How: Create "Guest Wow" boards. Invite guests to leave post-its about specific staff members. Highlight one story per week in team meetings.

Why it works: Recognition of emotional labor validates the human side of hospitality — and builds service culture from within.

4. Upskill in Empathy and Storytelling

How: Run short training modules on how to tell a good local story, how to read guest body language, how to personalize a goodbye.

Why it works: In an experience economy, emotional intelligence is as valuable as speed or accuracy.

5. Co-Design Experiments

How: Run a quarterly "service hackathon." Staff pitch small concepts (e.g., new welcome ritual, sunset storytelling, mini eco-tour). Provide $100 budgets and 2 weeks to test. Evaluate guest response.

Why it works: When employees experiment, they shift from executors to designers. This builds confidence, capacity, and retention.

The Frontline Isn't the Last Link — It's the First Step

Before your guest checks in, someone checks them in. Before your guest relaxes, someone sets the stage. Before your guest posts a review, someone created that moment.

Innovation doesn't only come from the top. It lives on the floor, behind the bar, at the front desk. Let's redesign the employee experience — not just to retain staff, but to unlock the innovation already working among us.

References

Heskett, J.L., Jones, T.O., Loveman, G.W., Sasser, W.E. and Schlesinger, L.A. (1994). Putting the service-profit chain to work. Harvard Business Review, 72(2), pp.164–174.

Lee, Y.J., Kim, M. and Choi, Y.S. (2024). Empowering front-line employees for service innovation. Journal of Hospitality and Tourism Management, 60, pp.130–141.

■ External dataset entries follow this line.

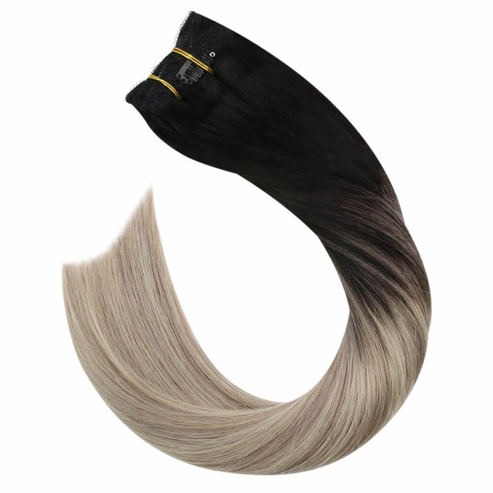 100% Remy Human Hair Clip in Extensions Balayage Color #1B/18/60 Black with Blonde
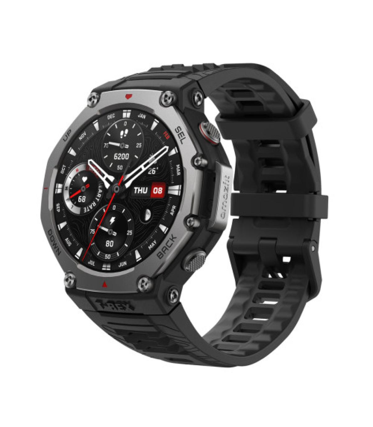 Amazfit T-Rex 3. Diagonal de la pantalla: 3,81 cm (1.5"), Tecnología de visualización: AMOLED, Resolución de la pantalla: 480 x 480 Pixeles, Pantalla táctil. Wifi. GPS (satélite). Capacidad de batería: 700 mAh. Peso: 68,3 g. Humedad: resistente al agua hasta: 100 m, Material de la banda: Silicona, Color de banda: Negro, Tamaño de banda: Talla única. Sistema operativo instalado: Zepp OS
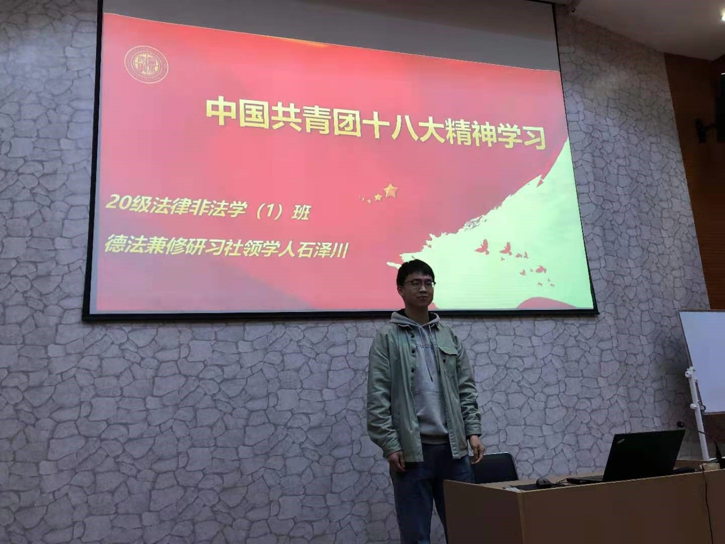 2021年3月8日,第三场团组织生活会召开。20级法硕(非法学)1班在德法兼修研习社领学人石泽川主持下,全体团员青年深入学习了团的十八届五中全会精神。通过学习,明白了全团要紧紧围绕“十四五”开局之年各项目标任务和庆祝建党100周年这一主题主线,按照“三力一度”的新时代共青团工作布局,以深化改革和从严治团为保证,有效引领凝聚青年、组织动员青年、联系服务青年。
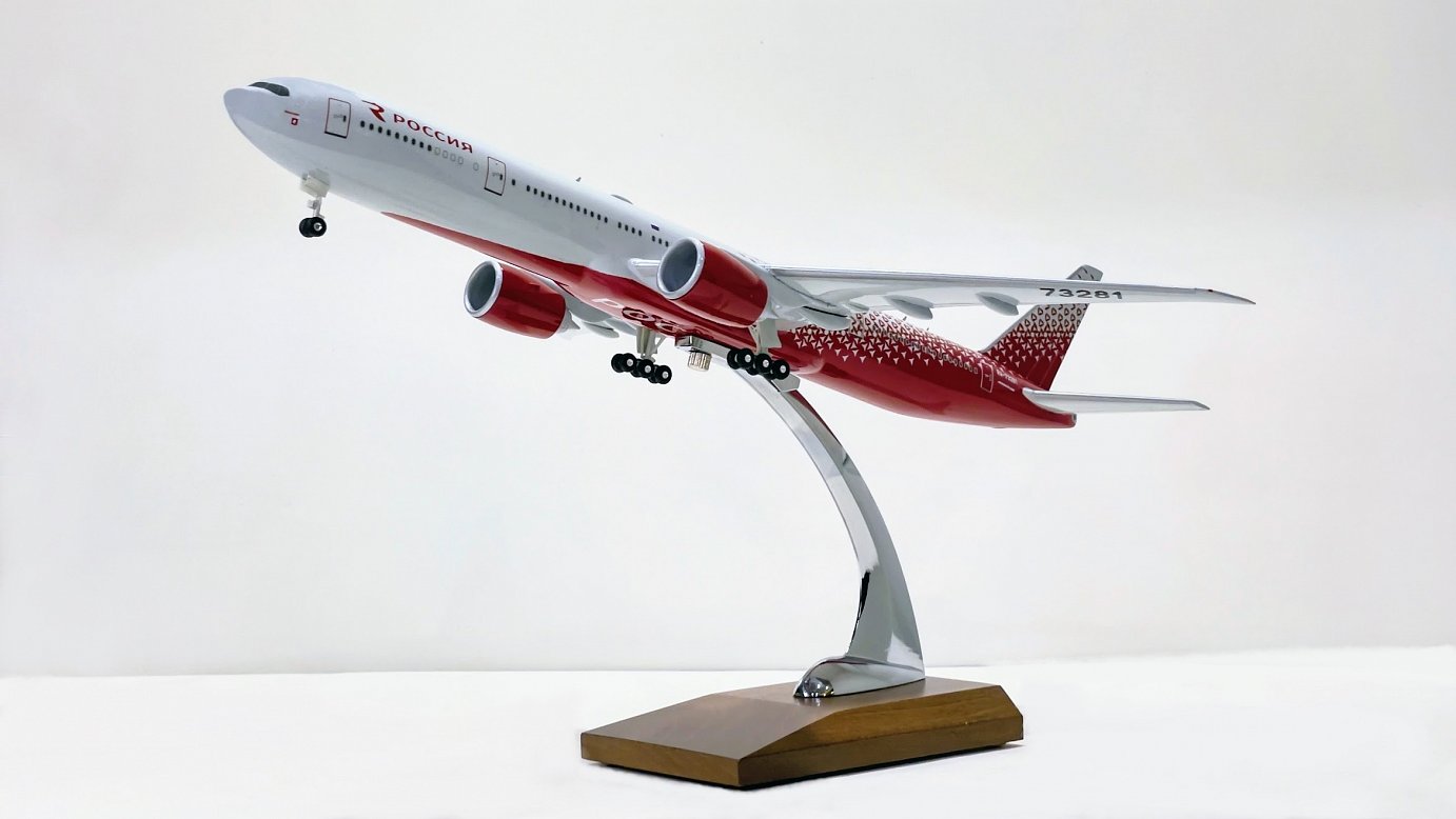 Модель вызывает положительные эмоции, хотя бы от того, что фирма Арсенал старается конкурировать с ведущими производителями моделей такого класса. После пустых недетализированных болванок к более менее качественным моделям типа этой, в которой присутствует приятная окраска, детальные прорезиненные шасси, огни и даже антенны( правда внизу не сделали, видимо боятся повреждения или по еще каким то причинам). Еще бы им поработать над двигателями, пока не крутятся. Ну в целом можно отметить модель 777 в окраске "России", очень даже понравилась. Поэтому взял с радостью и не сколько не пожалев, пополнив при этом коллекцию своих "трех топоров"

Pine, B.J. and Gilmore, J.H. (1999). The Experience Economy. Harvard Business School Press.

UNWTO. (2024). Skills Development for a Resilient Tourism Workforce. Madrid: United Nations World Tourism Organization.

Zhang, X., He, Y. and Liu, L. (2025). Unlocking employee-driven innovation in hospitality. International Journal of Contemporary Hospitality Management, 37(1), pp.45–67.

Aires, L.V. (2025). Service innovation in Brazilian tourism SMEs: Beyond managerial intent. European Journal of Tourism Research, 38, pp.1–15.